七月的多伦多热浪滚滚,街道上挤满了来自世界各地的球迷。玛尔塔站在联合车站外的巴士站牌下,焦急地看着手表——距离巴西对德国的四分之一决赛开赛只剩一小时,而通往BMO球场的常规公交已经挤得水泄不通。
“该死。”她低声咒骂,手心渗出汗水。作为《环球体育》的记者,错过这场比赛意味着职业生涯的重大失误。
就在这时,一辆通体翠绿、流线型的电动巴士悄然停靠。车身上醒目的标语跃入眼帘:“界杯穿梭巴士——畅行北美赛场的绿色快线”。车门无声滑开,凉爽的空气扑面而来。
“最后一班前往BMO球场,还有三个座位。”司机是个银发老者,笑容温和,“专门为你们这些差点迟到的家伙准备的。”
玛尔塔冲上车,发现车内已经坐着两位乘客:穿着德国球衣的工程师卡尔,以及身着巴西黄衫的大学生拉斐尔。两人各坐一端,气氛微妙。
巴士驶入专用快速通道,将拥堵的车流远远甩在后面。玛尔塔注意到车内显示屏实时更新着碳减排数据——这趟行程已节省42公斤碳排放。
“虚伪的环保秀。”卡尔突然开口,盯着窗外飞驰而过的油罐车,“这些电动巴士的电池生产污染,比我们省下的多得多。”
拉斐尔转过身来:“但这是开始,不是吗?我的毕业论文就是研究世界杯交通系统。这条穿梭快线连接了所有北美赛场,专用车道、智能调度,减少了至少三十万辆私家车的出行。”
“然后让贫民社区承受电池工厂的污染?”卡尔反击。
玛尔塔本能地掏出录音笔,又犹豫了。这不是她计划中的采访,但也许更有价值。
巴士驶入一段地下隧道,车内突然陷入黑暗。紧急照明亮起时,三人发现彼此脸上的敌意已经消融,取而代之的是同样的不安。

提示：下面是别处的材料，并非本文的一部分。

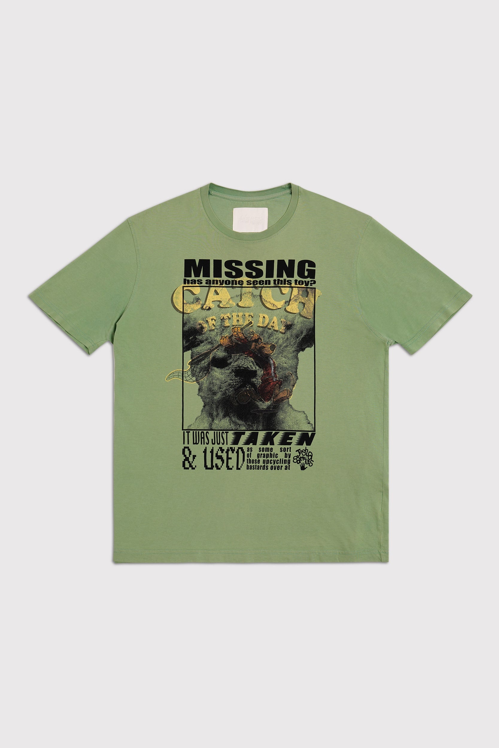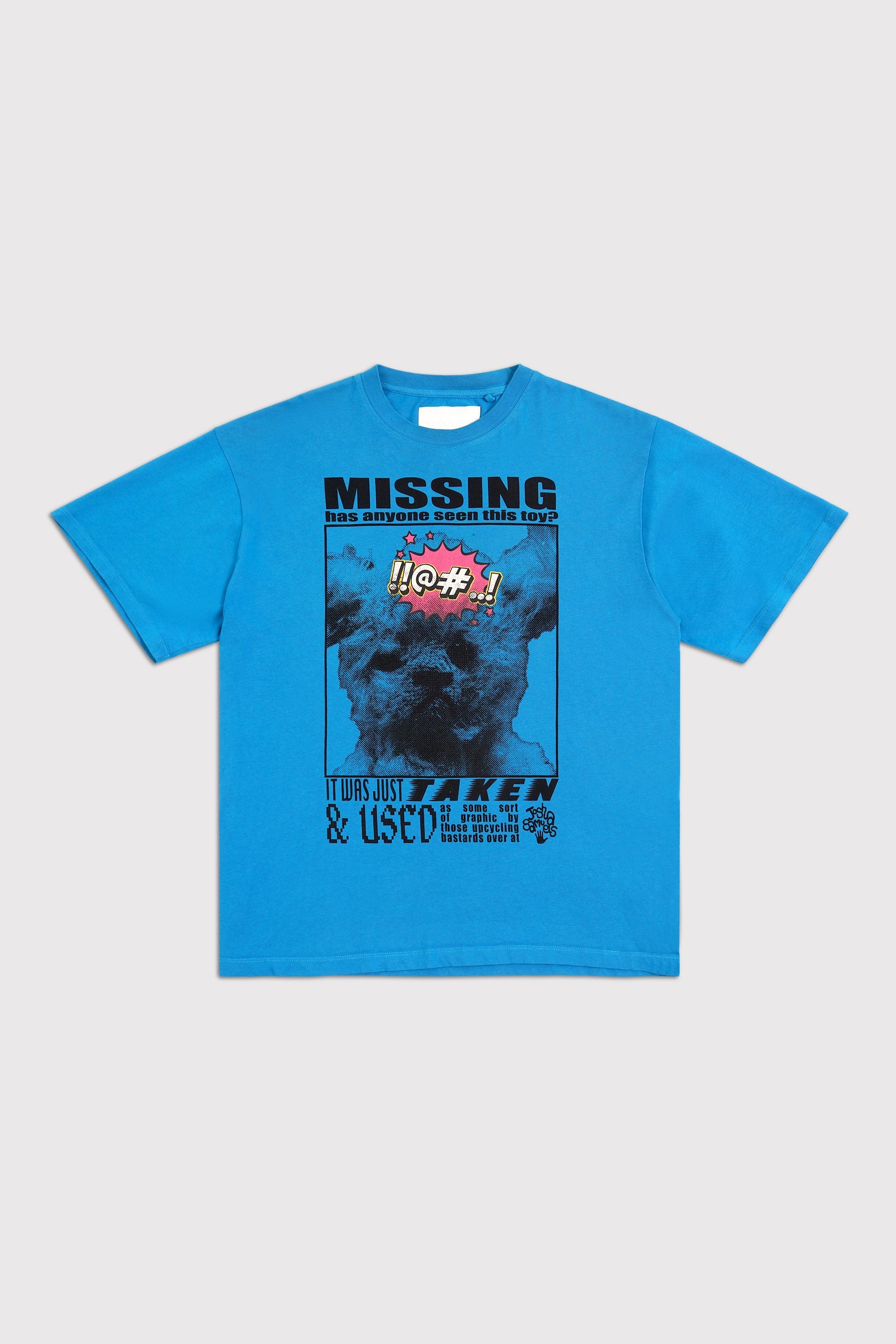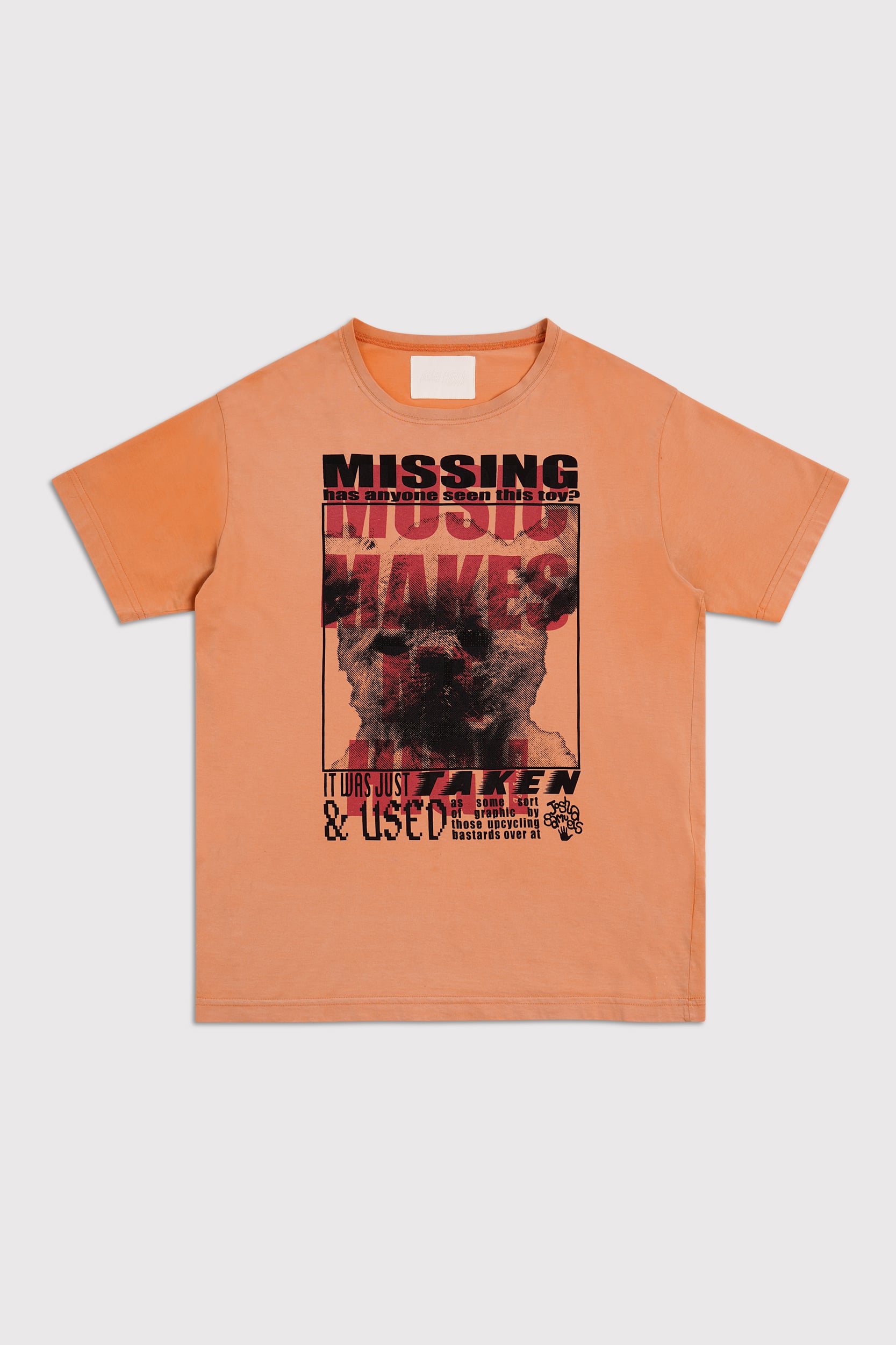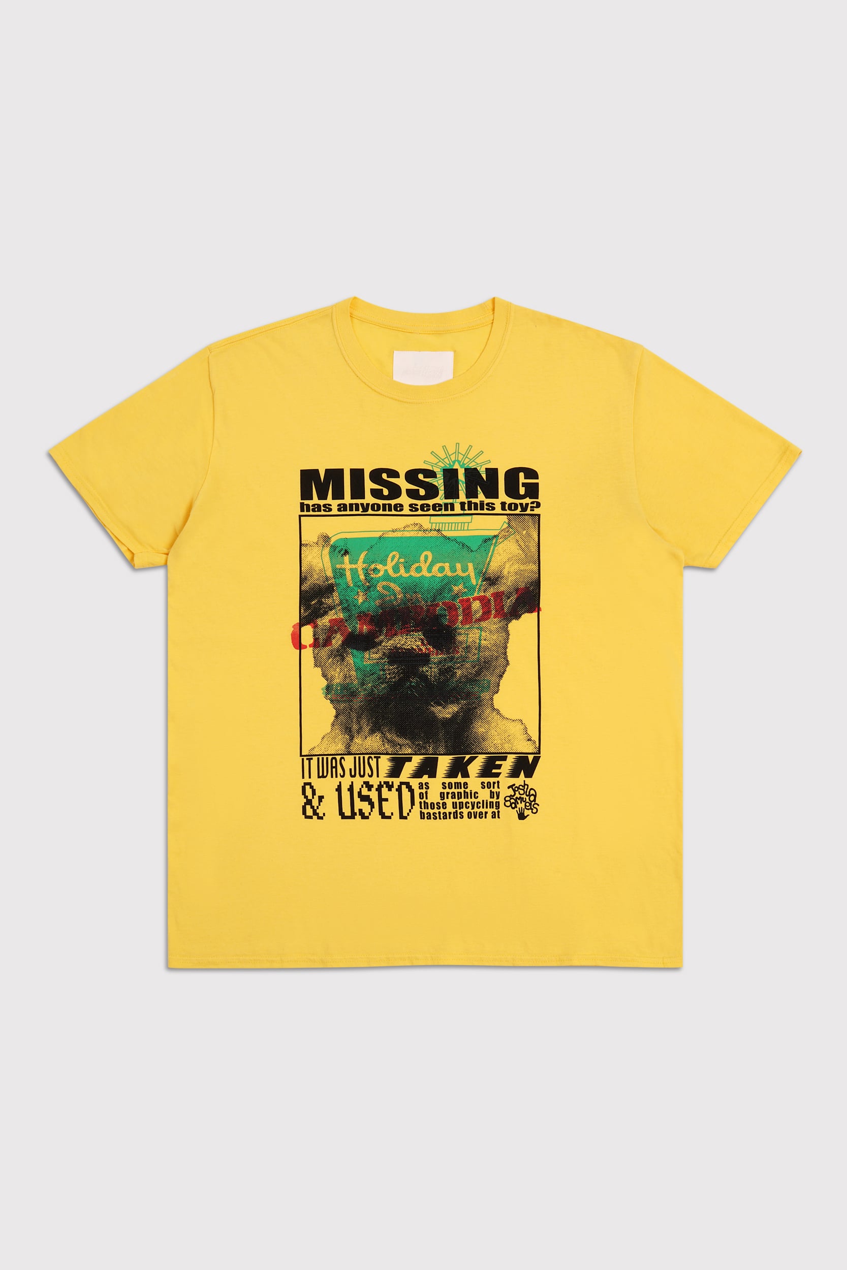 Each Missing! Tee is printed on a carefully curated, hand-selected vintage t-shirt, making every piece truly one-of-a-kind. The design you see in the photos is the one you’ll receive, but the tee itself will have its own unique character. Expect variations in colour, original graphic underlay, and tone - adding to the charm and history of each piece.

“2014年,”拉斐塔轻声说,“我叔叔在圣保罗因为世界杯的交通管制,错过了癌症治疗的最后预约。”
卡尔沉默片刻:“我的家乡,因为一座为电动巴士提供零件的工厂,地下水被污染了。”
隧道尽头的光越来越亮。玛尔塔忽然明白了什么:“所以你们才选择坐这趟车?不是为了方便,而是为了亲眼看看它到底是不是解决方案的一部分?”
两人默认。巴士驶出隧道,BMO球场巨大的轮廓出现在前方,成千上万的球迷正有序通过环保通道入场。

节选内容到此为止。